As a baseline control, 1000 synthetic protein sequences were constructed by randomly sampling phi/psi angle pairs directly from the full training angle pool without any model involvement. Each control sequence was assigned a random length between 50 and 500 residues, and angles were drawn independently with replacement from the pool, preserving the marginal angle distribution of the training data but removing all sequential context and learned dependencies. Structures were generated under identical conditions to the model output, allowing direct comparison between unguided random sampling and the trained model, isolating the contribution of learned sequential structure to protein quality.

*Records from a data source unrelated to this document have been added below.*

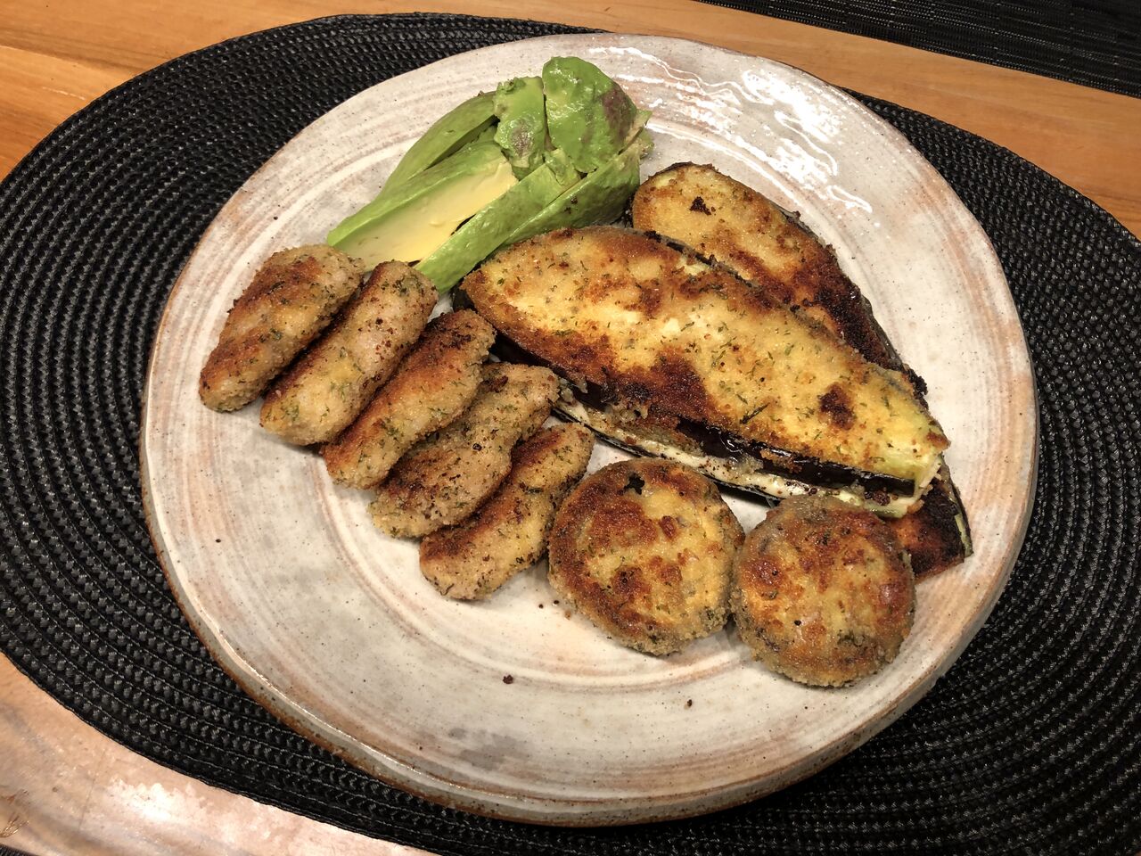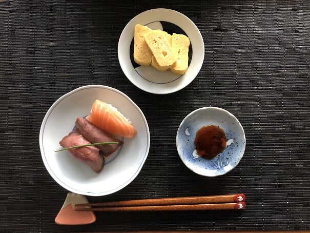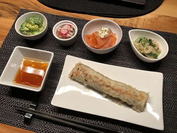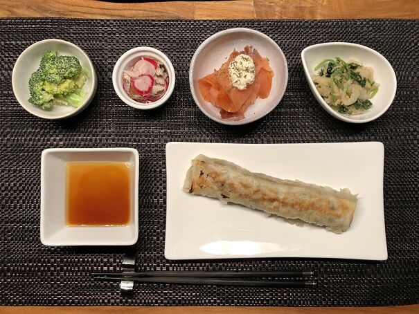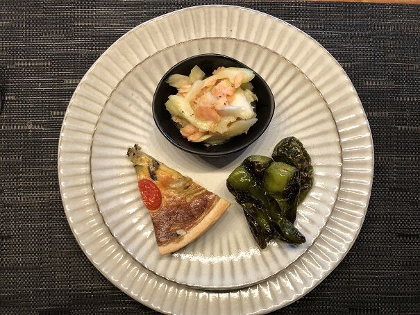 箸休めは、スモークサーモンとセロリのマリネと、切り干し大根と人参のサラダ。
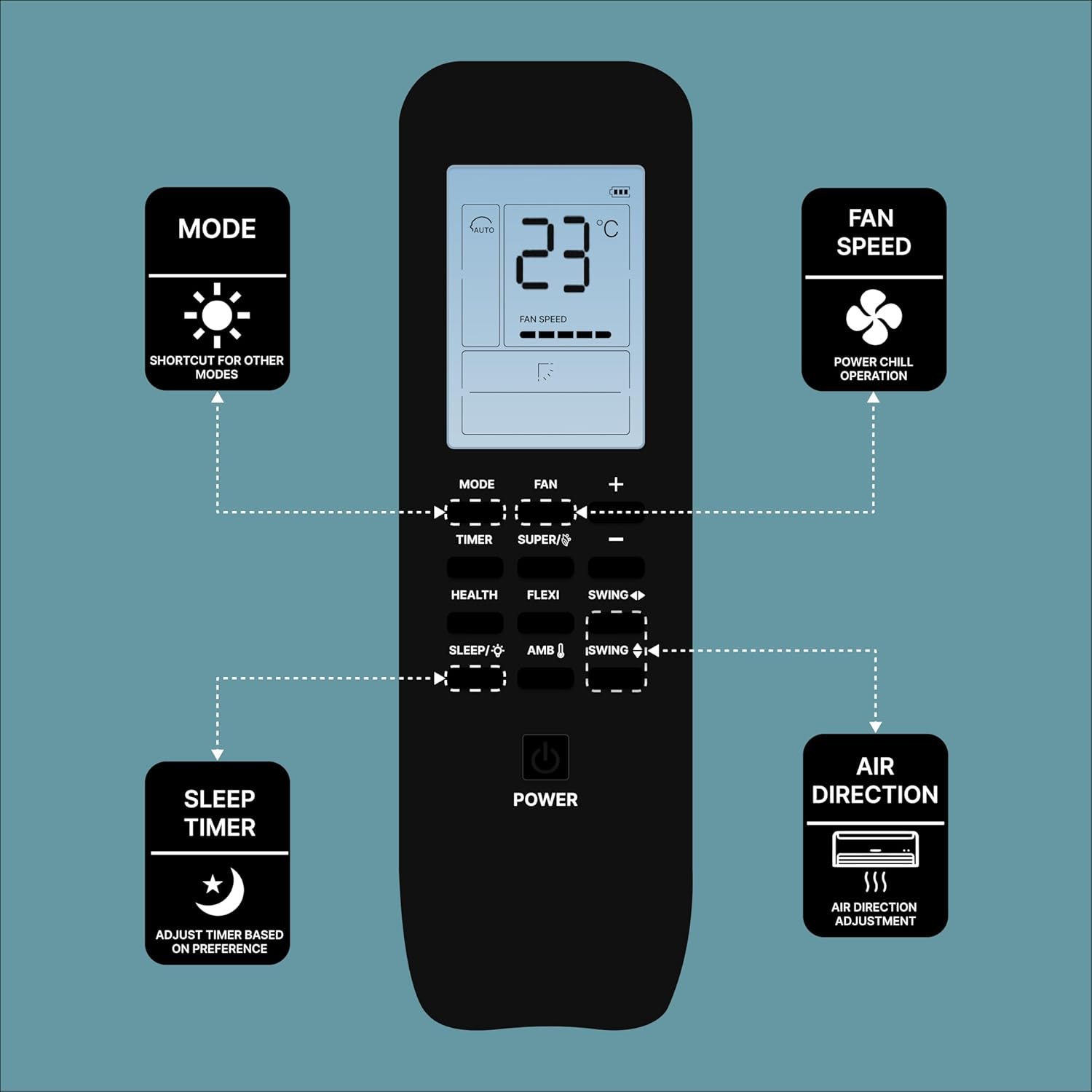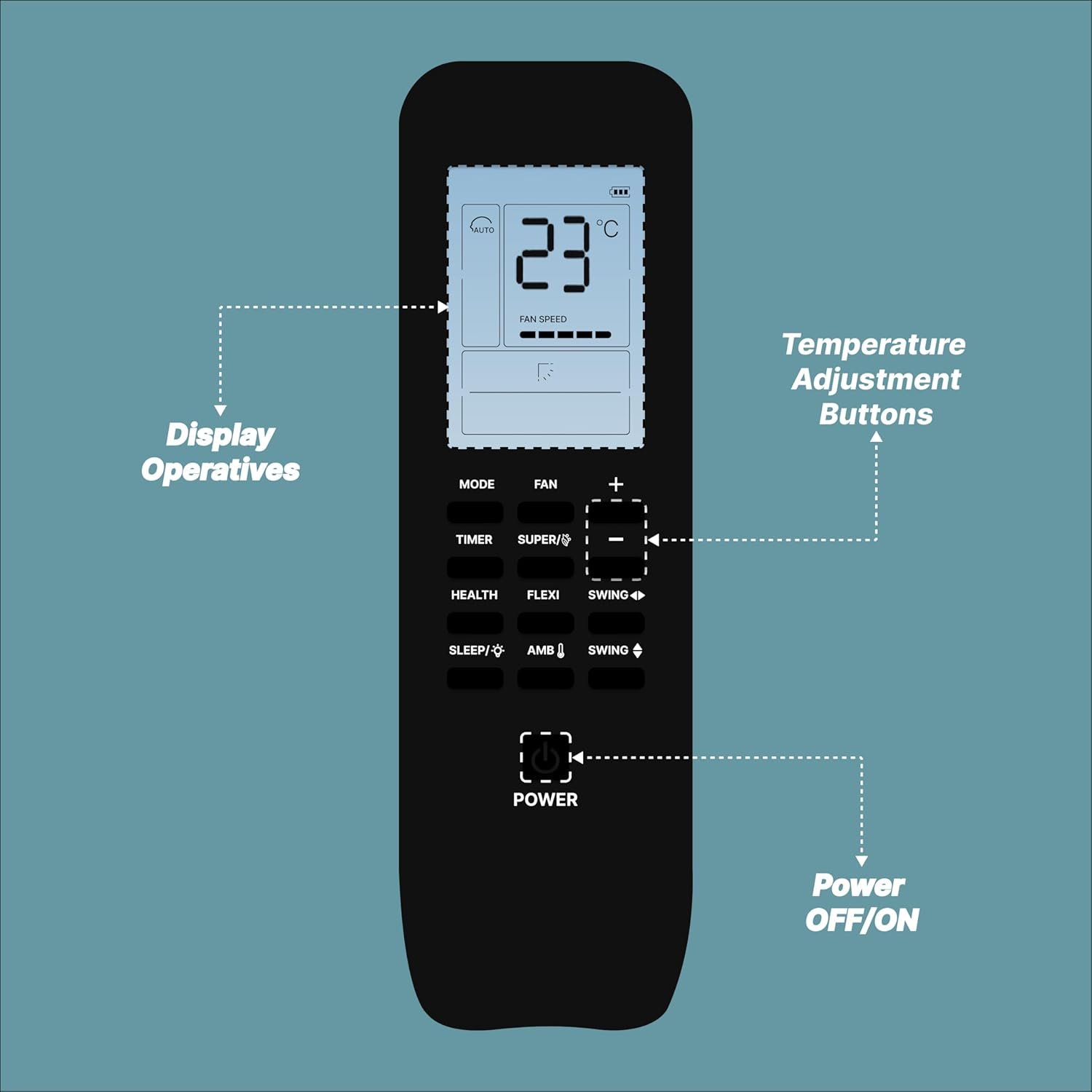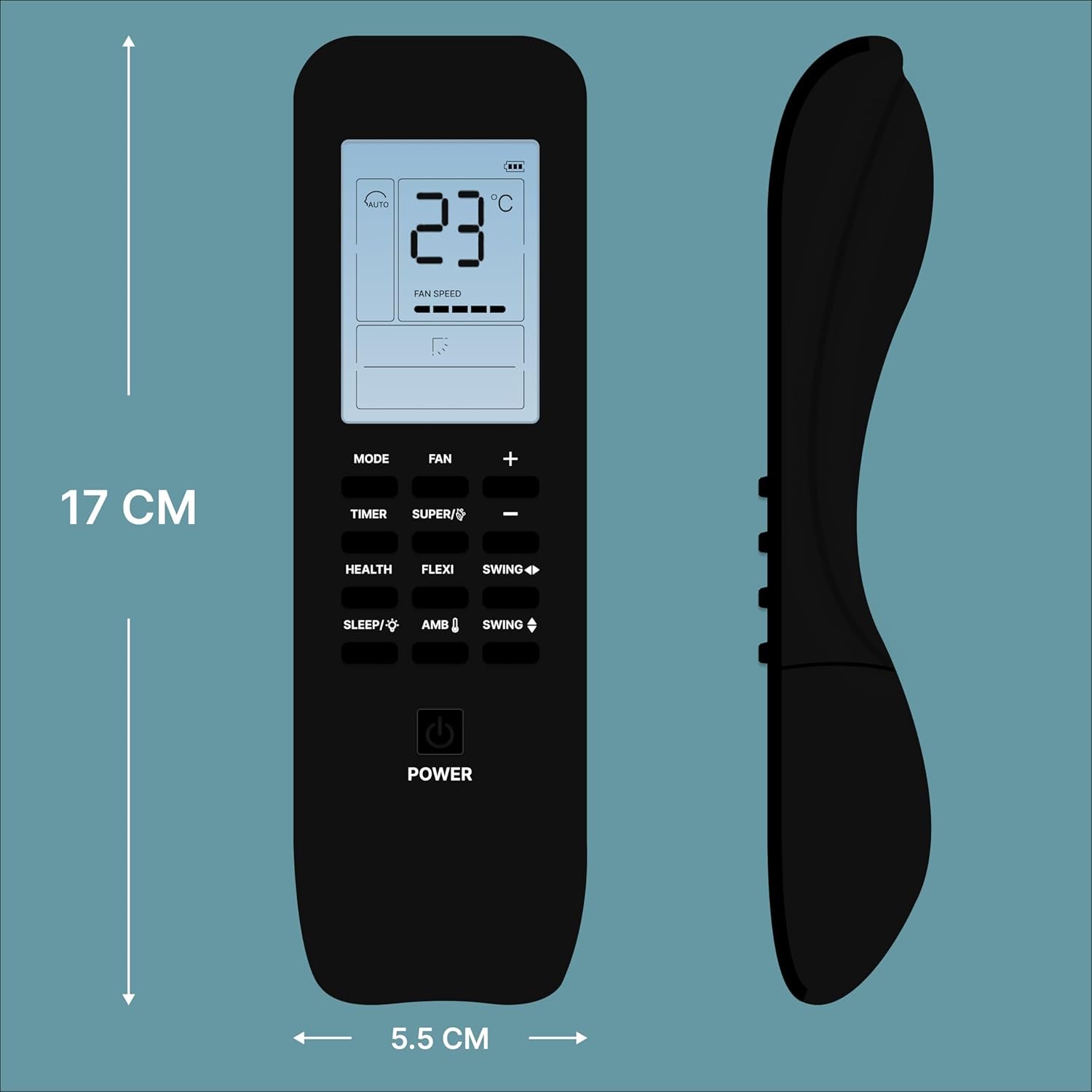 An Air Conditioner (AC) remote control is a compact, handheld device designed for the wireless operation of an air conditioning unit, typically using an infrared (IR) sensor. It features an ergonomic design for easy handling and a user-friendly interface for efficient operation. The remote generally includes several buttons that allow users to customize their cooling or heating experience. The power button turns the AC on or off, while the mode button lets users switch between cooling, heating, fan-only, humidification, and auto modes. Temperature control buttons allow for precise adjustments, such as low, medium, high, and auto, while the swing button adjusts the airflow direction, either fixed or oscillating, for even air distribution. The LCD or LED display screen provides real-time information such as temperature, mode, fan speed, timer settings, and, in some models, even battery levels. Additional high-end features may include a backlit display for better visibility in low-light conditions. Typically powered by AAA batteries, With its combination of intuitive controls, advanced features, and energy-saving options, an AC remote provides convenience and comfort for efficient climate control. Frequently Asked Questions: 1. Batteries Included? Not included. 2. Not Working Properly at first Use? Please do not insert batteries from old remote control. Please make sure you put on brand new batteries while first use. 3. Doesn’t Support? Please make sure your original remote looks back to back like our displayed remote.
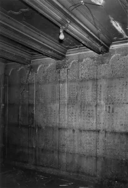 Rødfyllgata 20, Oslo 1954. Under riving. Vegg og tak, interiør.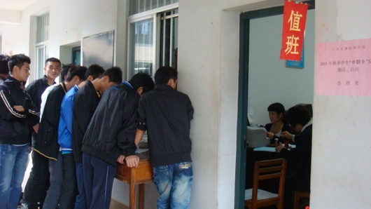 2011年10月(yuè)29日,學校(xiào)學生工(gōng)作處辦公室前人(rén)潮湧動,熱鬧非凡。2011級新生持有效證件排成長龍井然有(yǒu)序地辦理用於發放助學金補的中職學生資助卡激活手續。進入校園服務的中(zhōng)國(guó)工商銀行工作人員一一(yī)為前來領卡的學生辦理簽領手續,並耐(nài)心指(zhǐ)導學生激活、啟用中職學生資助卡(kǎ)。
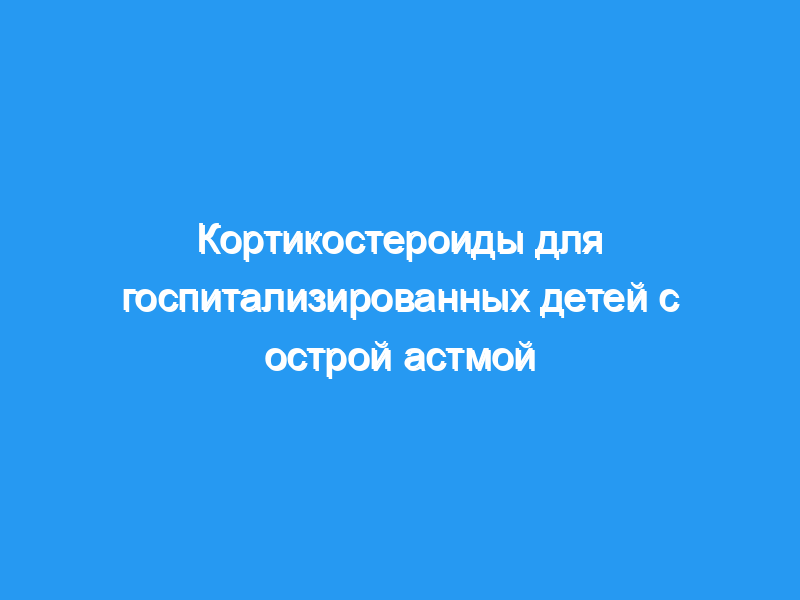 Определить преимущества системных кортикостероидов (пероральных, внутривенных или внутримышечных) по сравнению с плацебо и ингаляционными стероидами при острой детской астме. Стратегия поиска: Все контролируемые исследования были идентифицированы из реестра Cochrane Airways Review Group, путем ручного поиска в респираторных журналах, списках литературы и контактах с экспертами и фармацевтическими компаниями. Критерии отбора: Исследования включались, если они описывали рандомизированное контролируемое исследование (РКИ) с участием детей в возрасте от 1 до 18 лет с тяжелой острой астмой, которые получали пероральные, ингаляционные, внутривенные или внутримышечные кортикостероиды. Были включены только те исследования, в которых пациентам требовалась госпитализация. Сбор и анализ данных: Два рецензента, используя стандартную форму, извлекли все данные. Все данные, числовые расчеты и графические экстраполяции были независимо подтверждены.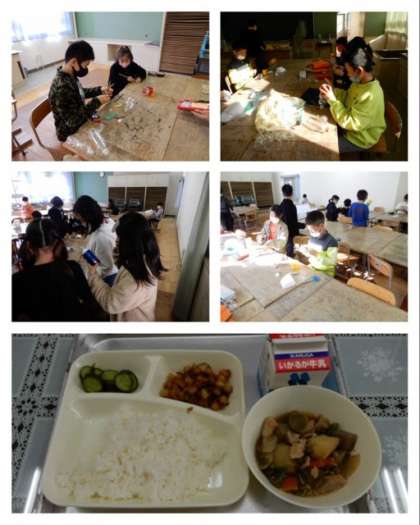 今日の給食の献立は、「ごぱん、牛乳、鶏肉と野菜の煮もの、じゃこ豆、あっさりきゅうり」でした。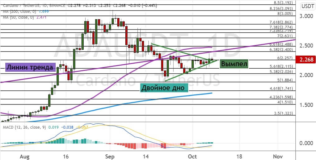 Котировки ADA продолжают движение в рамках модели теханализа «Вымпел» (показана на графике ниже зеленым цветом) и торгуются в районе $2.25 за монету. Если ADA удастся закрепиться выше этого уровня, это приведет к движению до $2.4 и $2.5, где проходят 50-дневная SMA и линия тренда (показана фиолетовым цветом). Следующей целью для быков выступает уровень $2.63. В пользу реализации этого сценария торгов также говорит модель теханализа «Двойное дно», которая сформировалась на графике ADA (показана бирюзовым цветом).

Three-Dimensional Structure Reconstruction

The generated phi/psi angle files and the control phi/psi angle files were used to reconstruct three-dimensional protein backbone structures using EZScafold. Each angle file was processed independently, generating a polyalanine backbone of the corresponding length. The resulting structures were written as PDB files, with one backbone structure produced per generated angle sequence, yielding a total of 1000 generated backbone PDB files for downstream scoring and analysis.

Rosetta Scoring

All generated and control backbone structures were scored using Rosetta (Alford et al. 2017). Prior to scoring all the polyalanine backbones were relaxed to relieve steric clashes introduced during structure reconstruction. The resulting Rosetta total scores were recorded and normalised by sequence length to give a per-residue score, allowing direct comparison across scaffolds of variable length.

Author Contributions Statement

A.A.P. conceived the study, developed the computational pipeline, conducted all experiments, performed the analysis, and wrote the manuscript. D.N. supervised the project, provided guidance on the experimental workflow, and reviewed the manuscript. All authors reviewed and approved the final manuscript.

Competing Interests

The authors declare no competing interests.